CEF's route selection algorithm is stateless and deterministic for a stable set of ECMP routes. In general, however, a change in the number or ordering of those routes may cause the route selected for a particular (source, destination) hash to change. This fragility should be considered when gauging whether this load distribution approach is appropriate to particular protocols. See Section 6 for further discussion.
Juniper routers can be configured with "load-balance per-packet" which, on routers with the Internet Processor II ASIC, provides similar forwarding behaviour to that described for CEF.
Load distribution between hosts using flow-hashing forwarding algorithms will tend to be uneven in terms of traffic presented. The degenerate, illustrative case of this is a single host sending a stream of requests to the service address from a consistent source port: requests will always be answered by a single host, since the (source, destination) hash will always select a single route. See also Section 6.1.
Different gateway routers will, in general, map the same (source, destination) hashes to different candidate routes, since the ordering of ECMP routes in each router will be different. In order to ensure that packets from a single flow are routed to a single host for processing it is necessary that all the packets enter the cluster via the same gateway router.
This imposes the requirement on upstream routers that the route to the service address be stable for a single flow, which can be accommodated, for example, by having those routers use flow hashing forwarding algorithms with ECMP routes, or routing protocols which explicitly deny ECMP such as standard BGP[4] without multipath extensions.
Example configurations for cisco and Juniper gateway routers can be found in Appendix A.
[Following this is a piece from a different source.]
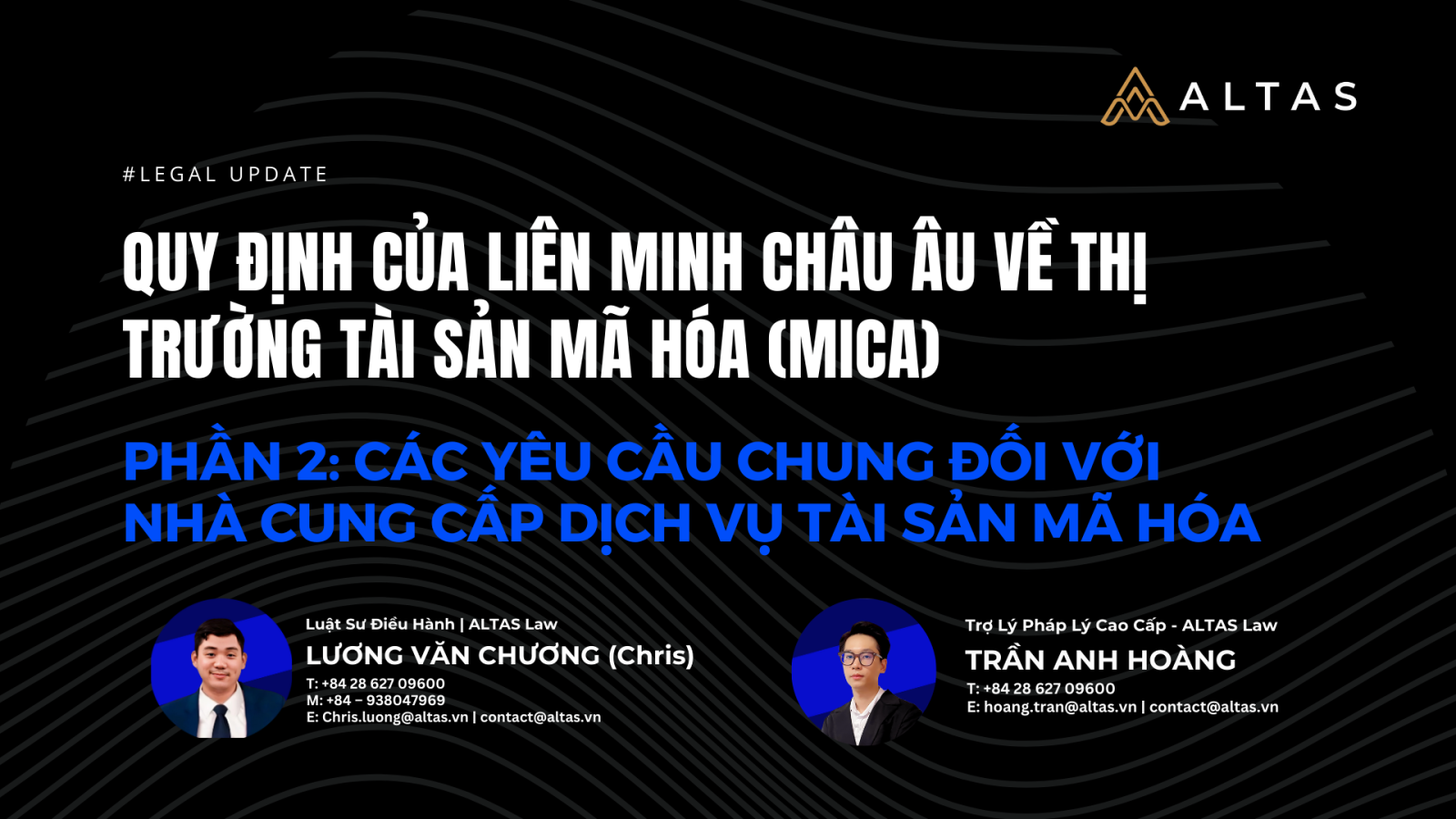Bản tin pháp lý: Quy định của Liên minh Châu Âu về Thị trường Tài sản Mã hóa (MiCA) – Phần 2: Các Yêu cầu Chung đối với Nhà cung cấp Dịch vụ Tài sản Mã hóa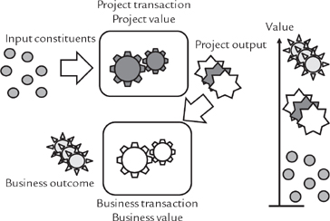 We can think of a project as a business process, albeit one that has a specific beginning and ending. In the doing, a project has the potential to add business value, because ideally project output is more valuable than its inputs—money, materials, and labor. In this sense, projects have a transformative effect for business value purposes: put something in, turn the crank—transformation occurs here—and output appears that is altogether different from any of the inputs.

Hosts do not share the forwarding requirements described in Section 3.2; datagrams sourced from the hosts are unambiguously addressed to the unicast addresses of clients, and any equal-cost route diversity in the path back to those clients will inevitably converge on a single device.
The availability of the DNS service on a particular host is signalled to the gateway routers by issuing an LSA through which the service address is reachable. Correspondingly, the non-availability of the DNS service is signalled by issuing an LSA which withdraws the route, as if the link between the "host" router and the service address had been severed.
The straightforward requirements for the host's routing ability are easily satisfied by unix-based OSPF implementations such as the one included in GNU Zebra. An example configuration for GNU Zebra can be found in Appendix B.
TOC |
The operating systems used on the hosts support cloneable Loopback interfaces, and a dedicated software loopback address is created and configured with the service address. The availability or non-availability of the DNS service is then signalled to the OSPF process on the host by simply raising or lowering the interface (e.g. "ifconfig lo1 up", "ifconfig lo1 down").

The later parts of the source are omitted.